Now, can you state more clearly what exactly you're trying to accomplish
as far as substitutions in the URLs. I'm getting the impression that you
want web1.company.com and www.company.com to be treated as equivalent,
but that you can't use either of these as your start_url because of the
Cisco Local Director, which I assume is a firewall of some sort.

Does this mean that you want any web1.company.com or Www.company.com
address to be mapped simply to "web1" (unqualified) before any attempt
is made to fetch the document? If so, then server_aliases is probably
called for, but you need to set it up to map all fully-qualified names
to the unqualified one, so that you can fetch them from the local server.
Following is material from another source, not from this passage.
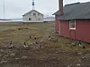 Kvitkinngjess med kyllinger er det mange av i Ny Ålesund og de er ikke folkesky. Foto: Gunnar Bratbak

Once you have the URLs in a consistent form that can be fetched, you
can select which of these can be mapped to local directories, using
local_urls. This may help with .html and .txt files, but won't help
with the .jsp files unless you modify the Document.cc code (but only
do so if it makes sense not to have the .jsp files be server-parsed
before indexing). But I will mention (again) the importance of the
trailing slashes in this context, as your most recent example of its
use still was missing them, giving me the impression you missed my
earlier point.

Finally, you need to decide how to set up the two separate settings
of url_part_aliases, for htdig and for htsearch, to do the search and
replace on the URLs in the database. Note that this will not affect
the URL that's used to fetch the document via HTTP. The substitution
will be done afterward. Your example above clearly doesn't make sense
when you see it in terms of a search and replace, because the pattern
you're trying to change (web1.company.com) is larger that the pattern
you're actually using in your URLs (web1), so you'll never get a match.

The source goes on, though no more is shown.